Validation report — S1-03 Adapter Protocols + AdapterConfidence discriminated union

Story: ../S1-03-adapter-protocols-confidence.md Validated: 2026-05-15 Validator: phase-story-validator (scheduled task: story-validation-corrector) Verdict: HARDENED

Summary

The story implements codegenie.adapters — four @runtime_checkable Protocols (DepGraphAdapter, ImportGraphAdapter, ScipAdapter, TestInventoryAdapter), AdapterConfidence = Trusted | Degraded | Unavailable (Pydantic discriminated union), plus Occurrence (frozen dataclass) and TestId (NewType). All references trace cleanly to 02-ADR-0007, phase-arch-design.md §"Component design" #7 / §"Data model" / §"Design patterns applied" row 3, and final-design.md §7.
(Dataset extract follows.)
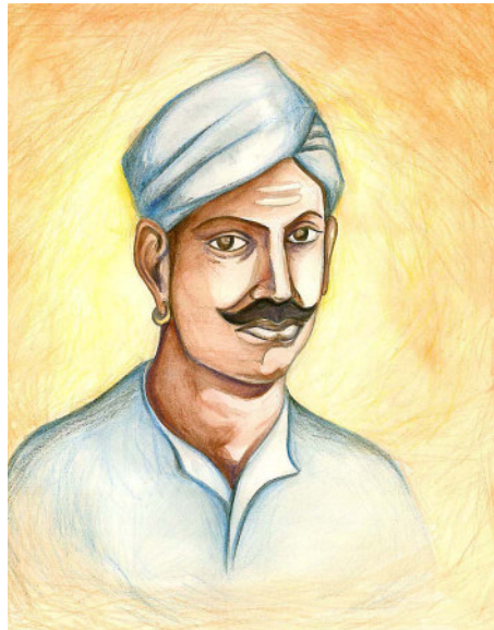
चित्र 7.8 मंगल पाण्डे

मंगल पाण्डे पहला ऐसा सैनिक था जिसने खुले रूप में आदेशों का उल्लंघन किया। कलकत्ता के पास बैरकपुर में 29 मार्च 1857 को उसने दो अंग्रेज अफसरों की हत्या कर दी। उसे गिरफ्तार करके उस पर मुकदमा चलाया गया और फांसी दे दी गई। बैरकपुर की रेजीमेंट को तोड़ दिया गया। मंगल पाण्डे का समाचार बहुत जल्दी देश के दूसरे भागों तक पहुंच गया और परिणामस्वरूप खुले विद्रोह भड़क उठे। सबसे निर्णायक विद्रोह मेरठ में हुआ जहाँ पर घुड़सवार (कैवेलरी) रेजीमेंट के 85 सैनिकों को चर्बी वाले कारतूसों का प्रयोग करने से इंकार करने पर 2-10 वर्षों के कारावास की सजा दे दी गई। इसके अगले ही दिन अर्थात् 10 मई 1857 को तीन रेजीमेंटों ने खुली बगावत कर दी। उन्होंने अंग्रेज अफसरों की हत्या कर दी और अपने साथी सैनिकों को छुड़ाने के लिए जेलों को तोड़ दिया। उन्होंने दिल्ली की ओर कूच (मार्च) शुरू कर दिया, जहाँ उनके साथ स्थानीय पैदल सेना और सामान्य लोग भी मिल गए। बागियों ने दिल्ली पर कब्जा कर लिया और अनेक अंग्रेज अफसरों की हत्या कर दी। उन्होंने मुगल बादशाह बहादुरशाह को भारत का सम्राट घोषित कर दिया।

The draft was structurally sound — no RESCUE-tier findings — but had ten harden-tier gaps in AC coverage and test mutation-resistance that would have let an obviously-wrong implementation slip past the executor's Validator pass. Many of the gaps are direct symmetric analogues of the gaps S1-01 closed (this is the 2nd Pydantic-discriminated-union family in Phase 2; symmetric discipline matters).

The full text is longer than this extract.